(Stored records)

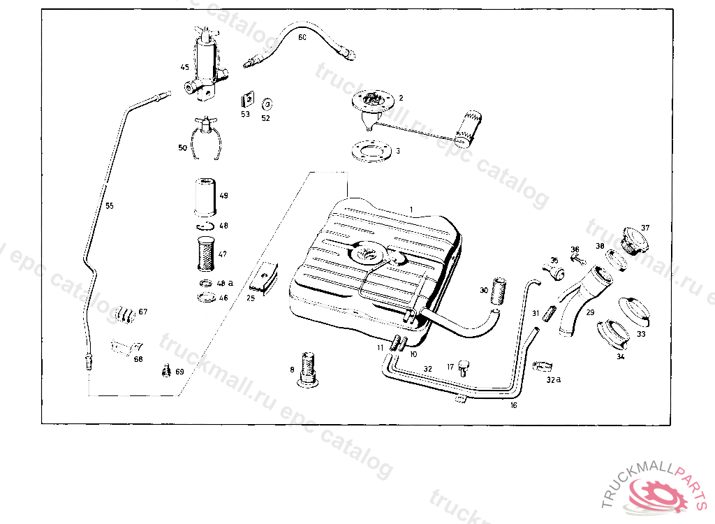 FUEL TANK WITH SCREW PLUG. FUEL TANK CAPACITY 56 LITERS
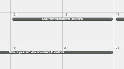使用日历视图了解您每天在项目中执行的并发任务数量,并确定在几周或几个月中重叠的任务。您可以在日历视图中查看至少一个日期列的任何表或报告。看看我们列类型文章有关日期类型列的更多信息。
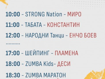 • 18:30 ч. – Zumba Маратон с инструктори от Варна
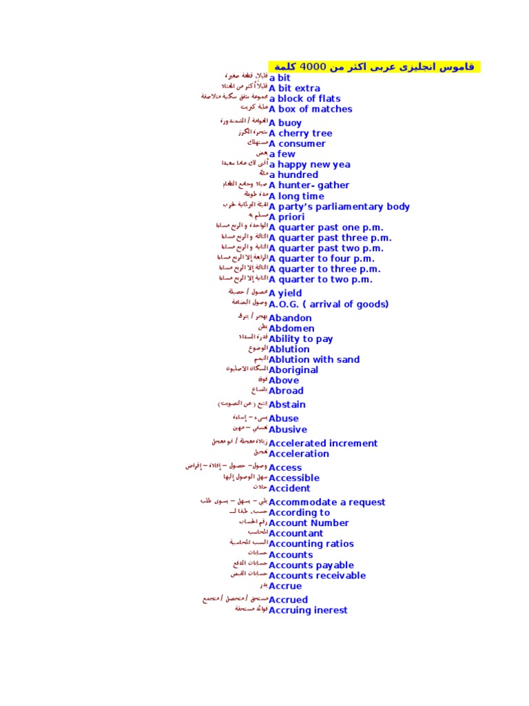 أشهر 1000 كلمة تستخدم في اللغة الانجليزيه مترجمة بمثابة قاموس Bookpdf1
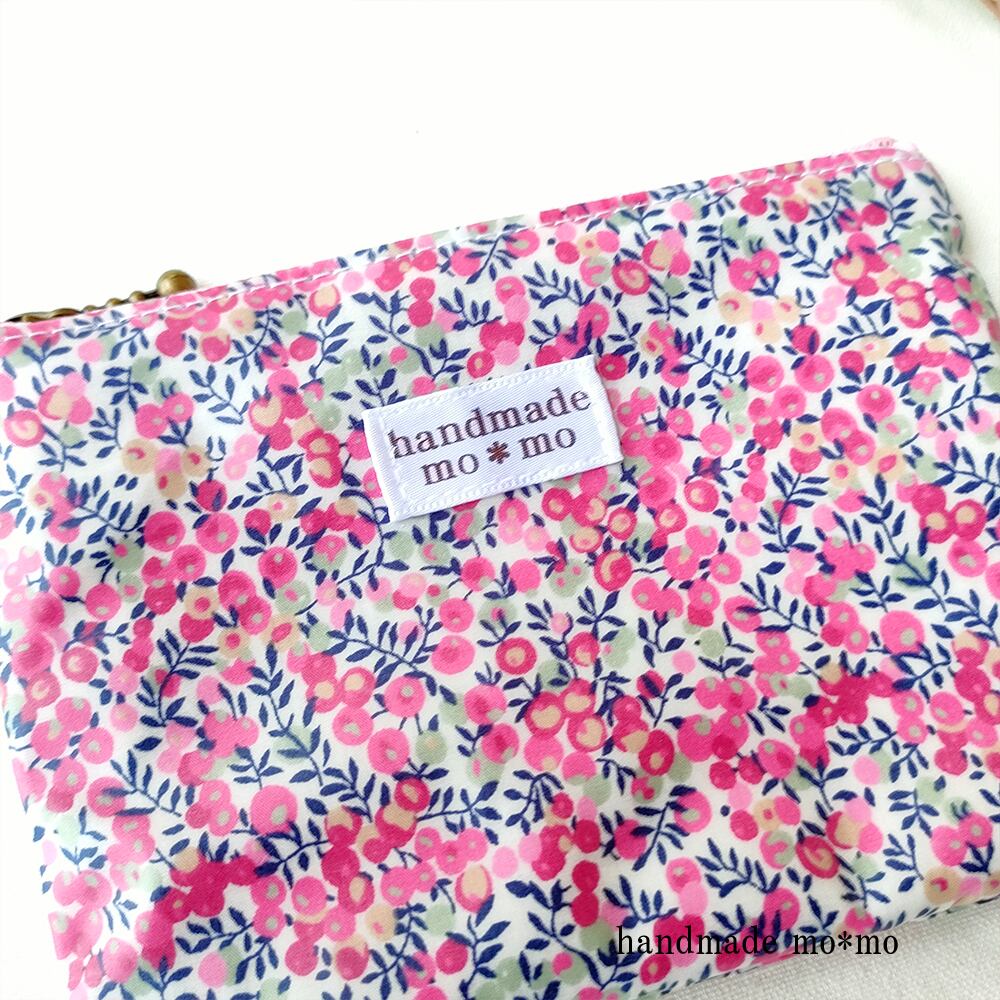 ラミネートのリバティ生地を使用。リバティプリント定番の高級素材タナローンに、つや消しでマットなフィルムを貼り付けた、ラミネート生地使用。
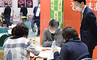 出展社ブースで商品を体験する来場者(第1回「CareTEX札幌’21」会場風景)
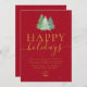 Aquarelle entreprise d'arbres festifs Logo rouge et or Business Holiday Card - Aquarelle Forêt de pins de bois Rouge et or Design Partagez des voeux chaleureux de vacances avec des clients, des collègues et des partenaires d'affaires avec ce Modèle polyvalent de carte de Noël d'entreprise, avec des aquarelles originales de l'artiste Catherine Sweetman. L'élégant design minimaliste met en valeur une forêt de pins et de sapins enneigés, associée à un script doré et à une typographie moderne sur un arrière - plan rouge de noël, créant un look professionnel et festif. Personnalisez-le avec le logo, le nom ou le message saisonnier de votre entreprise afin de le rendre vraiment unique. Avec tous les détails clés magnifiquement affichés sur le devant de la carte, ce design fonctionne parfaitement à la fois comme une carte à plat imprimable et comme un téléchargement numérique, vous donnant la flexibilité dans la façon dont vous partagez vos salutations de vacances. Idéale pour les entreprises à la recherche d'une façon soignée et élégante de se connecter, cette carte de Noël d'entreprise personnalisable allie art et design moderne pour une impression mémorable pendant la saison festive.
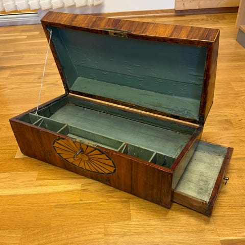Nydelig skrin i tre med lokk13 cm i diam og 7 cm høyde
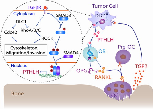 A schematic presentation of DLC1 function in breast cancer bone metastasis

-- WORK TASK --
Drop the pictures, then write out only the lines running from the one containing "Nydelig skrin i" through the last line above, both included, exactly.

-- ANSWER TO THE PROBLEM --
Nydelig skrin i tre med lokk13 cm i diam og 7 cm høyde
 A schematic presentation of DLC1 function in breast cancer bone metastasis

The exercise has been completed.